*Task description*
Produce an exact copy of all the data below, dropping every image.

Stored data
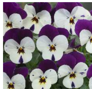
パープルパールズ ディープパープル&パールホワイ トのバイカラー。コンパクトな が適度に横張りし、ポットでの収 まりがよく作りやすい。
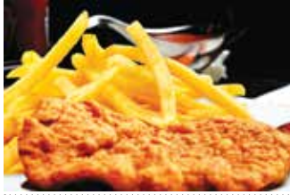
Veal escalope pane اسكالوب بانيه 350.00
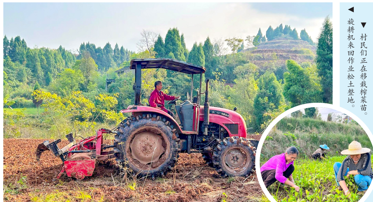
村民们正在移栽榨菜苗。旋耕机来回作业松土整地。

后难、因地制宜、平稳推进的原则,在全镇范围内开展农田使用情况摸排统计,对标对表分析、制定并实施图斑整改措施,切实保障耕地“进出平衡”工作高效有序推进,守住粮食生产命根子。目前已完成恢复补足
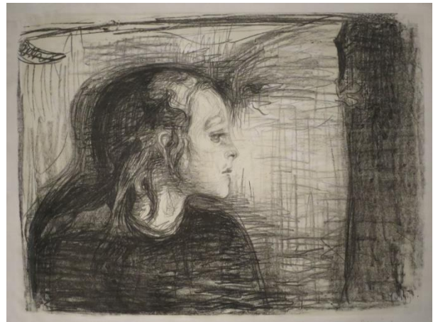
E. Munch, 'The Sick Child' , lithografie, 1896

In de mythologische vertellingen uit de Oudheid werd de personificatie van het begrip Angst (Phobos) vergezeld door zijn tweelingbroer Deimos (Paniek). In de Westerse kunst zien we angst verbeeld van Francis Bacon tot Edvard Munch, van Goya tot Picasso. Bent u bestand tegen de beelden van angst of weet u ze misschien na de lezing zelfs te waarderen?
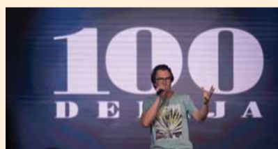
100 Debija 19.00
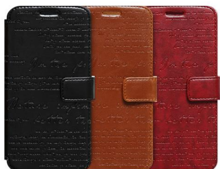
LETTERING DIARY for Galaxy S6
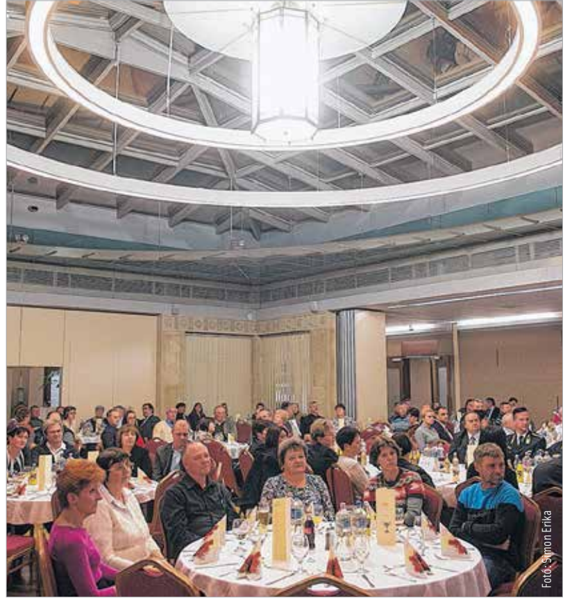
Zsúfolásig megtelt a bálterem a véradás ügyének támogatóival és a sokszoros véradókkal
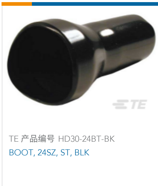
TE 产品编号 HD30-24BT-BK BOOT, 24SZ, ST, BLK
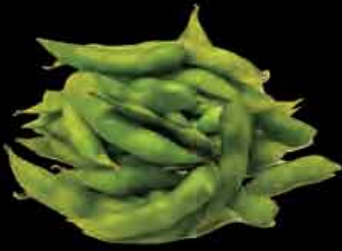
Edamame 9 3,50 € frische Soyabohnen steamed young soy beans

*Output of the task*
パープルパールズ ディープパープル&パールホワイ トのバイカラー。コンパクトな が適度に横張りし、ポットでの収 まりがよく作りやすい。
Veal escalope pane اسكالوب بانيه 350.00
村民们正在移栽榨菜苗。旋耕机来回作业松土整地。

后难、因地制宜、平稳推进的原则,在全镇范围内开展农田使用情况摸排统计,对标对表分析、制定并实施图斑整改措施,切实保障耕地“进出平衡”工作高效有序推进,守住粮食生产命根子。目前已完成恢复补足
E. Munch, 'The Sick Child' , lithografie, 1896

In de mythologische vertellingen uit de Oudheid werd de personificatie van het begrip Angst (Phobos) vergezeld door zijn tweelingbroer Deimos (Paniek). In de Westerse kunst zien we angst verbeeld van Francis Bacon tot Edvard Munch, van Goya tot Picasso. Bent u bestand tegen de beelden van angst of weet u ze misschien na de lezing zelfs te waarderen?
100 Debija 19.00
LETTERING DIARY for Galaxy S6
Zsúfolásig megtelt a bálterem a véradás ügyének támogatóival és a sokszoros véradókkal
TE 产品编号 HD30-24BT-BK BOOT, 24SZ, ST, BLK
Edamame 9 3,50 € frische Soyabohnen steamed young soy beans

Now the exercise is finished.